**Data records**
= = = = =
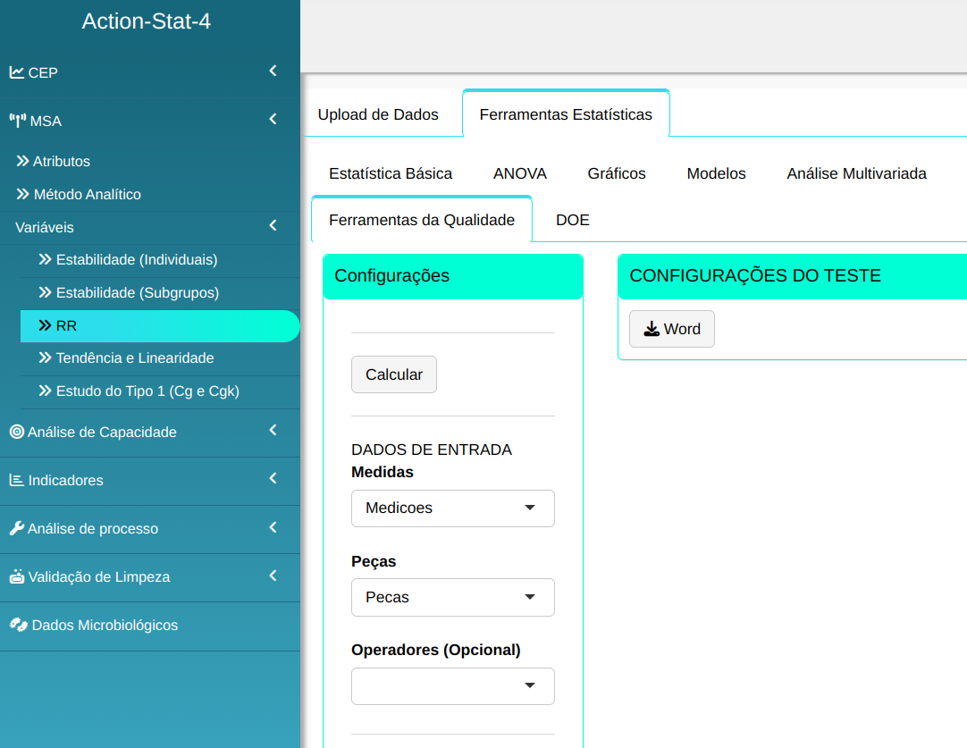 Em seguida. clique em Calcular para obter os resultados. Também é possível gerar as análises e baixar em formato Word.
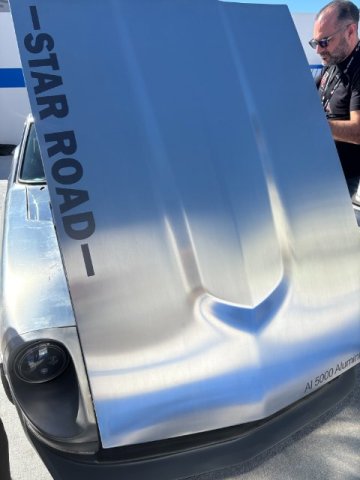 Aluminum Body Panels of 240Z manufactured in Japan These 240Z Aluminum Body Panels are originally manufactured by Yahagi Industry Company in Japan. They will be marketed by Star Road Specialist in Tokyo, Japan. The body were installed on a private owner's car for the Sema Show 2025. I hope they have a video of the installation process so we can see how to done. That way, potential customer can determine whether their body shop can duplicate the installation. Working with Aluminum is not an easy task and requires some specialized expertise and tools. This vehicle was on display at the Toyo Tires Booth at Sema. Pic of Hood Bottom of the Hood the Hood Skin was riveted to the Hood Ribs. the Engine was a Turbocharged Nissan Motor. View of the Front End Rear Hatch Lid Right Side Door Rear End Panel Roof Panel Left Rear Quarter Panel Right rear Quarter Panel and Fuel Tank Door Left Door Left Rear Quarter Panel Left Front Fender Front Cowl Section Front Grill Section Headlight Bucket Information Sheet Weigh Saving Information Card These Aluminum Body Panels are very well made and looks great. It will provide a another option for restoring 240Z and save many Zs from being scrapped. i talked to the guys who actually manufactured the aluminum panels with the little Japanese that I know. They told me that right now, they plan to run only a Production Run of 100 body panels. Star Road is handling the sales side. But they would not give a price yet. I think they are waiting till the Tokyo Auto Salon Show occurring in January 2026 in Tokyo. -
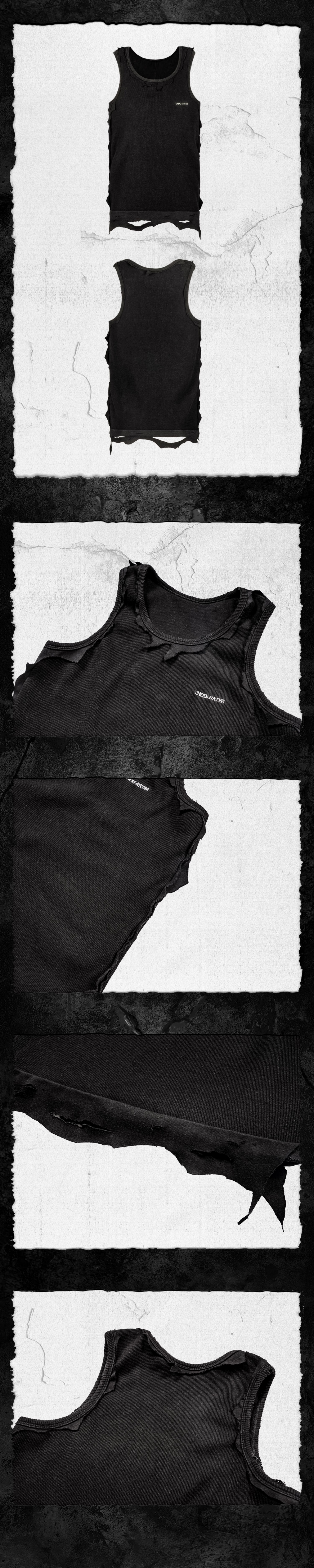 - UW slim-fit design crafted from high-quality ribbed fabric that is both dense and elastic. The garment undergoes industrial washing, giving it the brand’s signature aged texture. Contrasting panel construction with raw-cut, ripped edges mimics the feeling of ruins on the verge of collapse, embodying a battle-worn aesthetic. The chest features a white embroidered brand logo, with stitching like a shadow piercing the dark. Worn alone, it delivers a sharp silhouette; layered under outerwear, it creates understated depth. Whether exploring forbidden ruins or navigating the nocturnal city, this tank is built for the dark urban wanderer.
= = = = =
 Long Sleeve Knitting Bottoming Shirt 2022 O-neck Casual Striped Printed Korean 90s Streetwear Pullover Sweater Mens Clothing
= = = = =
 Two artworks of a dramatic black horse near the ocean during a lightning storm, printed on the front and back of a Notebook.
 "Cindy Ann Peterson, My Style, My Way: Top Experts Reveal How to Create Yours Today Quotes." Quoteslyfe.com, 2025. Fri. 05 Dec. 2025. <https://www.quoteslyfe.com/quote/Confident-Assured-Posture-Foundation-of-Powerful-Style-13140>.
= = = = =
From the entries above, copy exactly the lines starting at the one with "Em seguida. clique" and stopping at the one with "Aluminum Body Panels of", keeping both ends. Drop the pictures.

 Em seguida. clique em Calcular para obter os resultados. Também é possível gerar as análises e baixar em formato Word.
 Aluminum Body Panels of 240Z manufactured in Japan These 240Z Aluminum Body Panels are originally manufactured by Yahagi Industry Company in Japan. They will be marketed by Star Road Specialist in Tokyo, Japan. The body were installed on a private owner's car for the Sema Show 2025. I hope they have a video of the installation process so we can see how to done. That way, potential customer can determine whether their body shop can duplicate the installation. Working with Aluminum is not an easy task and requires some specialized expertise and tools. This vehicle was on display at the Toyo Tires Booth at Sema. Pic of Hood Bottom of the Hood the Hood Skin was riveted to the Hood Ribs. the Engine was a Turbocharged Nissan Motor. View of the Front End Rear Hatch Lid Right Side Door Rear End Panel Roof Panel Left Rear Quarter Panel Right rear Quarter Panel and Fuel Tank Door Left Door Left Rear Quarter Panel Left Front Fender Front Cowl Section Front Grill Section Headlight Bucket Information Sheet Weigh Saving Information Card These Aluminum Body Panels are very well made and looks great. It will provide a another option for restoring 240Z and save many Zs from being scrapped. i talked to the guys who actually manufactured the aluminum panels with the little Japanese that I know. They told me that right now, they plan to run only a Production Run of 100 body panels. Star Road is handling the sales side. But they would not give a price yet. I think they are waiting till the Tokyo Auto Salon Show occurring in January 2026 in Tokyo. -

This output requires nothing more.